TURKMENISTAN: Pentecostal Paster Loses Appeal against Church Confiscation.

by Lorna Howard, Keston News Service, 12 April 2001

The city court in the Turkmen capital Ashgabad ruled on 4 April that the house used as the city’s Pentecostal church should be confiscated without compensation, upholding the 14 March decision of the Kopetdag district court (see KNS 14 March 2001). Pastor Viktor Makrousov, who owns the house, told Keston News Service from Ashgabat on 12 April that he is preparing an appeal to the Supreme Court of Turkmenistan, but that the church could be confiscated at any time.

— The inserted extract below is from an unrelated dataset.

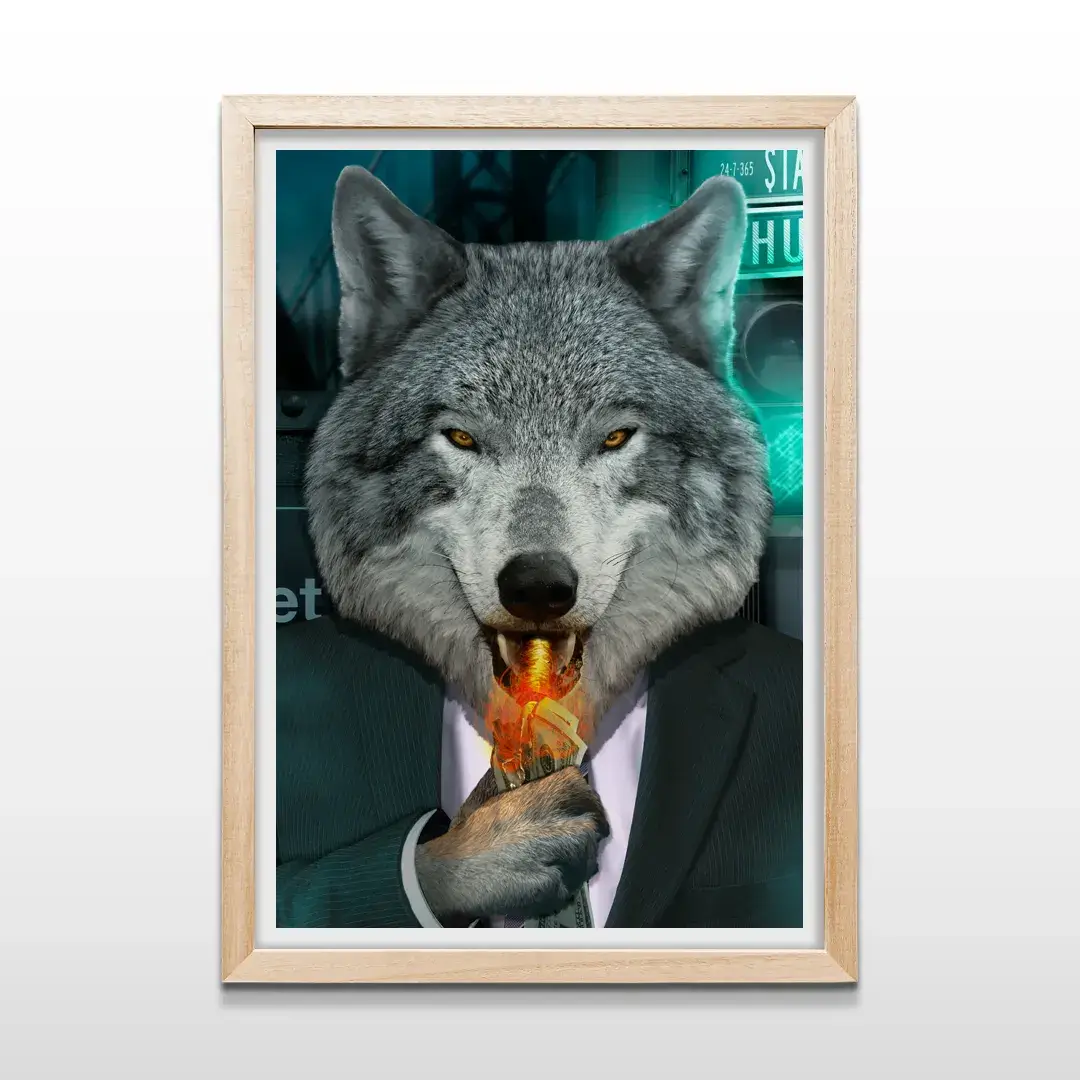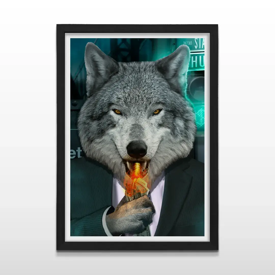 La escena combina realismo animal y estética corporativa para construir una metáfora visual del instinto dominante en los negocios, donde la inteligencia estratégica y la determinación marcan la diferencia. El contraste entre el fuego, el dinero y la figura del lobo refuerza el carácter agresivo y decidido de la pieza, posicionándola como un cuadro moderno de finanzas con fuerte impacto conceptual.

Another source in Ashgabad told Keston on 11 April that the court did not take into account the defendant’s claim that the previous court hearing had been conducted with serious violations of proper court procedure. The prosecutor maintained the previous position – that Makrousov purchased the house for illegal religious purposes and never intended to live there.

Asked about the legality of religious meetings in private houses, a further source told Keston by telephone from Ashgabad on 12 April that such gatherings were not against the law. Yet in court it was claimed that Pastor Makrousov had repeatedly been warned not to hold ‘illegal’ religious meetings. Makrousov said that he felt his character as a law-abiding citizen was being called into question.

The congregation has not been meeting in the church since November, Pastor Makrousov said, and they would have to celebrate Easter elsewhere (END).